Chi-Square Tables statistic / df / p value for variable vs dataframe
"2" parameter define column wide comparisons - check apply (MARGIN) option.
df2 <- t(round(cbind(apply(df, 2, function(x) {
ch <- chisq.test(df$variable1, x)
c(unname(ch$statistic), ch$parameter, ch$p.value )})), 3))
I have two data frames.

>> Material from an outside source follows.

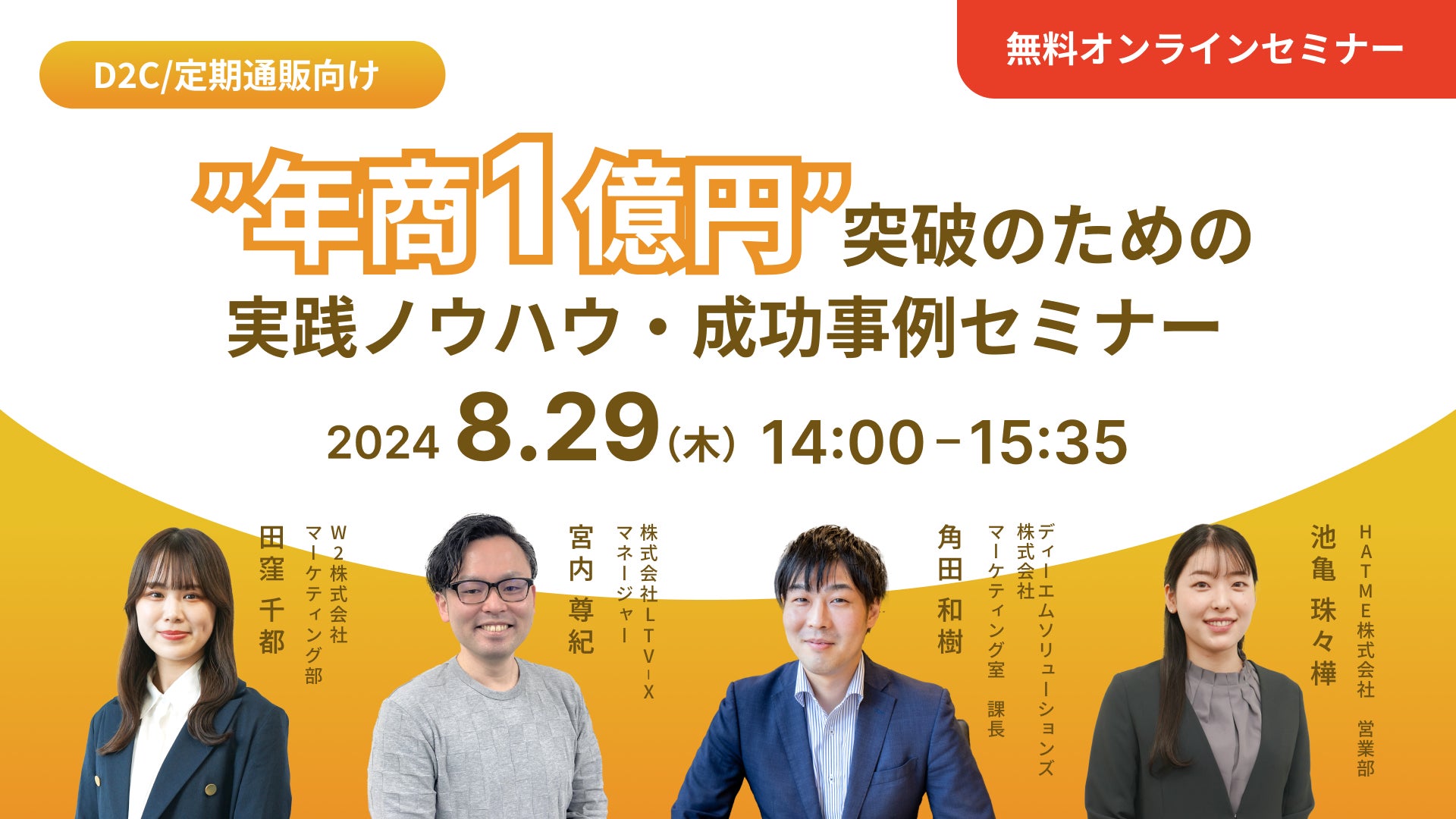 マーケティングアソシエーション株式会社の子会社であるHATME株式会社(本社:東京都台東区 代表取締役:中園広和、以下当社)は2024年8月29日(木)に、ウェブセミナー「【D2C/定期通販向け】”年商1億円”突破のための実践ノウハウ・成功事例セミナー」を、W2株式会社、株式会社LTV-X、ディーエムソリューションズ株式会社と共催いたします。

One of them contains 165 columns (species names) and almost 193.000 rows which in each cell is a number from 0 to 1 which is the percent possibility of the species to be present in that cell.
POINTID Abie_Xbor Acer_Camp Acer_Hyrc Acer_Obtu Acer_Pseu Achi_Gran
2 0.0279037 0.604687 0.0388309 0.0161980 0.0143966 0.240152
3 0.0294101 0.674846 0.0673055 0.0481405 0.0397423 0.231308
4 0.0292839 0.603869 0.0597947 0.0526606 0.0463431 0.188875
6 0.0331264 0.541165 0.0470451 0.0270871 0.0373348 0.256662
8 0.0393825 0.672371 0.0715808 0.0559353 0.0565391 0.230833
9 0.0376557 0.663732 0.0747417 0.0445794 0.0602539 0.229265
The second data frame contains 164 columns (species names, as the first data frame) and one row which is the threshold that above this we assume that the species is present and under of this the species is absent
Abie_Xbor Acer_Camp Acer_Hyrc Acer_Obtu Acer_Pseu Achi_Gran Acta_Spic
0.3155 0.2816 0.2579 0.2074 0.3007 0.3513 0.3514
What i want to do is to make a new data frame that will contain for every species in the presence possibility (my.data) the number of possibility if it is above the threshold (thres) and if it is under the threshold the zero number.

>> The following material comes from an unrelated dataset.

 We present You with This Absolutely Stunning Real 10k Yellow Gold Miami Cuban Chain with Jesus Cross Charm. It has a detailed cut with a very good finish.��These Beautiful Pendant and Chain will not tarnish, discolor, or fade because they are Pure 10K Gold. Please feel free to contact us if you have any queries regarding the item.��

I know that it would be a for loop and if statement but i am new in R and i don't know for to do this.
Please help me.
I think you want something like this:
(Make up small reproducible example)
set.seed(101)
speciesdat <- data.frame(pointID=1:10,matrix(runif(100),ncol=10,
dimnames=list(NULL,LETTERS[1:10])))
threshdat <- rbind(seq(0.1,1,by=0.1))
Now process:
thresh <- unlist(threshdat) ## make data frame into a vector
## 'sweep' runs the function column-by-column if MARGIN=2
ss2 <- sweep(as.matrix(speciesdat[,-1]),MARGIN=2,STATS=thresh,
FUN=function(x,y) ifelse(x<y,0,x))
## recombine results with the first column
speciesdat2 <- data.frame(pointID=speciesdat$pointID,ss2)
It's simpler to have the same number of columns (with the same meanings of course).
frame2 = data.frame(POINTID=0, frame2)
R works with vectors so a row of frame1 can be directly compared to frame2
frame1[,1] < frame2
Could use an explicit loop for every row of frame1 but it's common to use the implicit loop of "apply"
answer = apply(frame1, 1, function(x) x < frame2)
This was all rather sloppy solution (especially changing frame2) but it hopefully demonstrates some basic R. Also, I'd generally prefer arrays and matrices when possible (they can still use labels but are generally faster).
This produces a logical matrix which can be used to generate assignments with "[<-"; (Assuming name of multi-row dataframe is "cols" and named vector is "vec":
sweep(cols[-1], 2, vec, ">") # identifies the items to keep
cols[-1][ sweep(cols[-1], 2, vec, "<") ] <- 0
Your example produced a warning about the mismatch of the number of columns with the length of the vector, but presumably you can adjust the length of the vector to be the correct number of entries.